### Recorded data
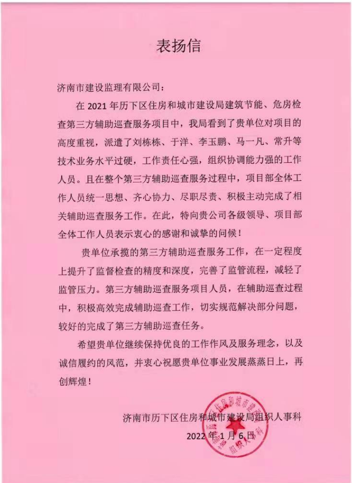 點(diǎn)贊!公司第三方輔助巡查服務(wù)團(tuán)隊(duì)獲歷下區(qū)住房和城市建設(shè)局組織人事科來(lái)信表?yè)P(yáng)
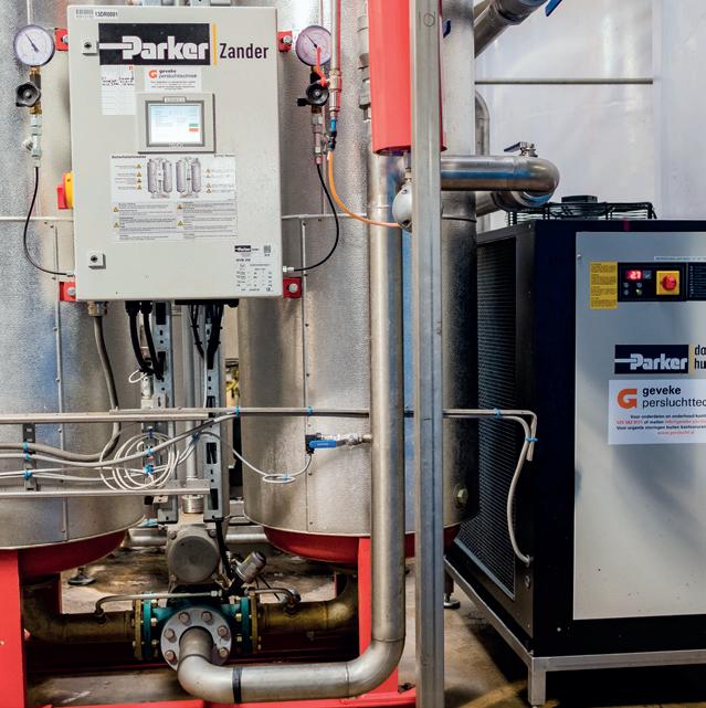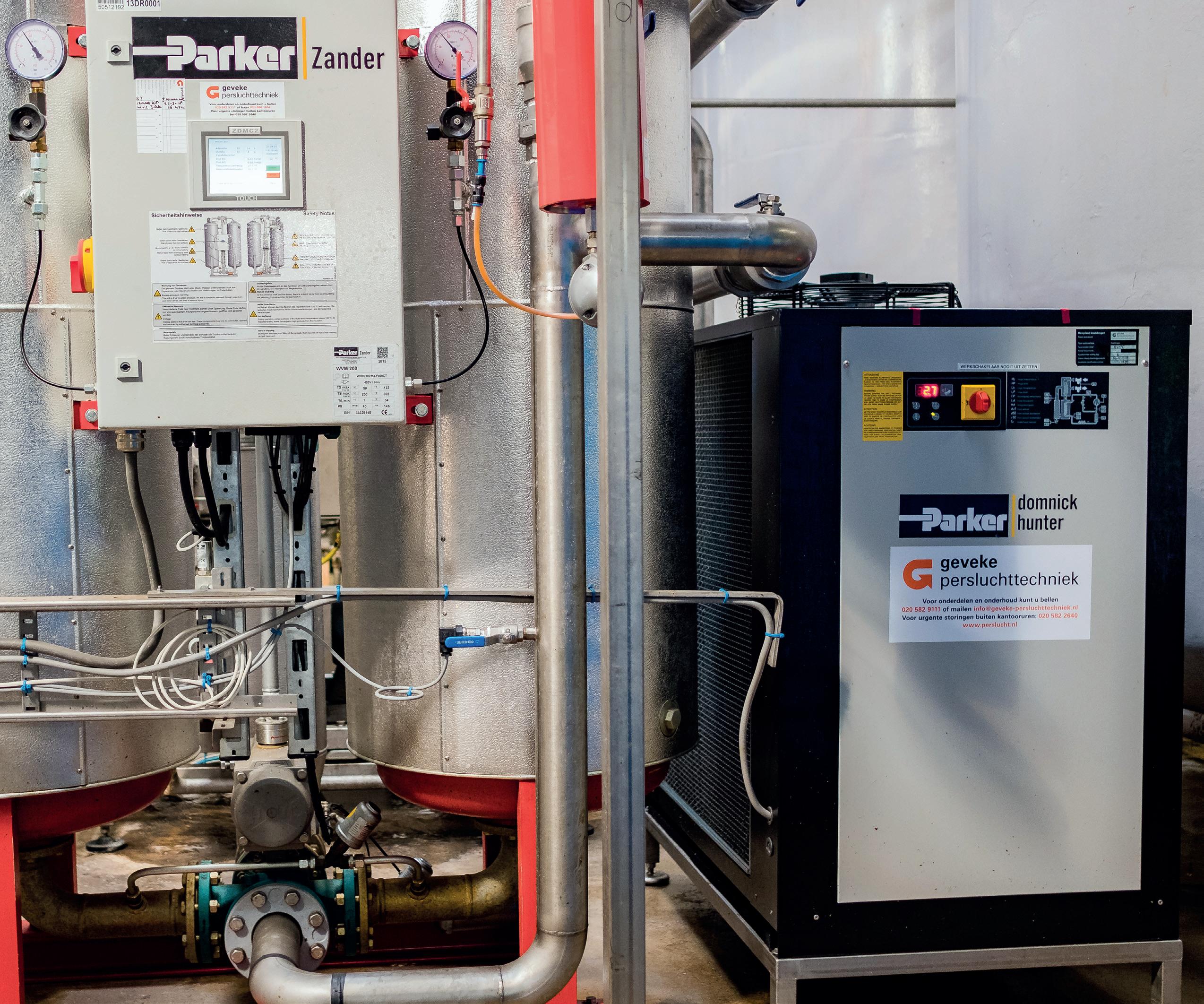 > Dauwpunt omlaag. PepsiCo heeft te maken met de wet- en regelgeving op het gebied van voedselveiligheid. De compressoren zijn daarom olievrij. En om vocht in appendages en het product te voorkomen, moet het dauwpunt zo laag mogelijk zijn. Bij de aanschaf van de nieuwe compressor werd het dauwpunt daarvoor verlaagd naar -55 graden Celsius. In overleg met leverancier Geveke is ervoor gekozen om de perslucht eerst te drogen met een koeldroger en daarna pas met een adsorptiedroger. “Lucht uit een compressor bevat dertig gram vocht per kuub, uit een koeldroger slechts zes gram. De adsorptiedroger verbruikt tweederde minder energie door de koeldroger ervoor te zetten. Deze investering verdienen we in een jaar terug. Geveke heeft ons hier echt een stap verder geholpen”.
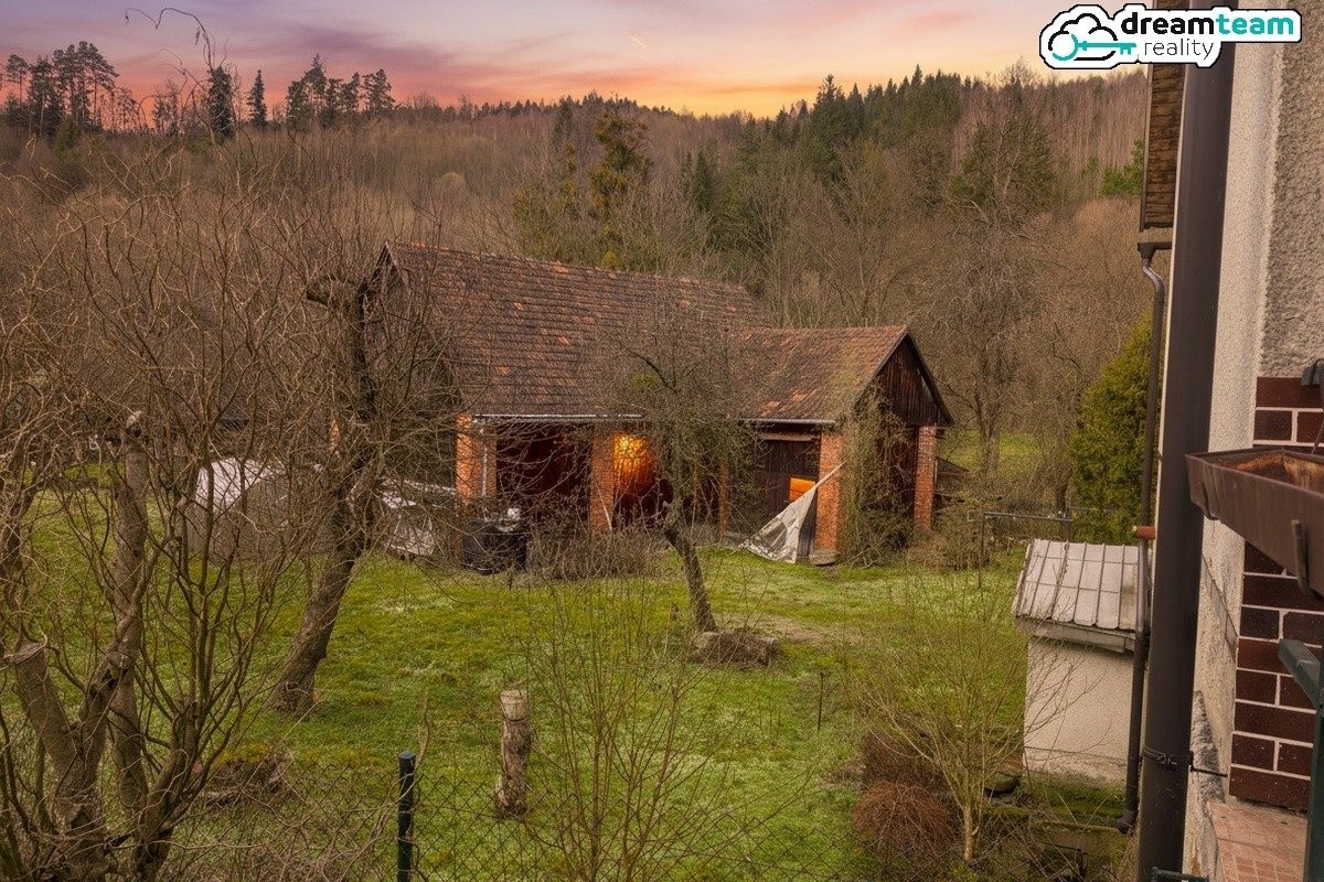 Velká zahrada s potenciálem pro záhony, ovocné stromy nebo jen hamaku mezi dva kmeny. Říčka Bystřička tvoří přirozenou hranici pozemku – dětský ráj, rybářův sen. Jeden soused, nadšený chatař. Klid zaručen. Stačí objednat skleník a sklízet a sklízet.

### Directions
What you give back must match the material above exactly, minus its pictures.

### Written reply
 點(diǎn)贊!公司第三方輔助巡查服務(wù)團(tuán)隊(duì)獲歷下區(qū)住房和城市建設(shè)局組織人事科來(lái)信表?yè)P(yáng)
 > Dauwpunt omlaag. PepsiCo heeft te maken met de wet- en regelgeving op het gebied van voedselveiligheid. De compressoren zijn daarom olievrij. En om vocht in appendages en het product te voorkomen, moet het dauwpunt zo laag mogelijk zijn. Bij de aanschaf van de nieuwe compressor werd het dauwpunt daarvoor verlaagd naar -55 graden Celsius. In overleg met leverancier Geveke is ervoor gekozen om de perslucht eerst te drogen met een koeldroger en daarna pas met een adsorptiedroger. “Lucht uit een compressor bevat dertig gram vocht per kuub, uit een koeldroger slechts zes gram. De adsorptiedroger verbruikt tweederde minder energie door de koeldroger ervoor te zetten. Deze investering verdienen we in een jaar terug. Geveke heeft ons hier echt een stap verder geholpen”.
 Velká zahrada s potenciálem pro záhony, ovocné stromy nebo jen hamaku mezi dva kmeny. Říčka Bystřička tvoří přirozenou hranici pozemku – dětský ráj, rybářův sen. Jeden soused, nadšený chatař. Klid zaručen. Stačí objednat skleník a sklízet a sklízet.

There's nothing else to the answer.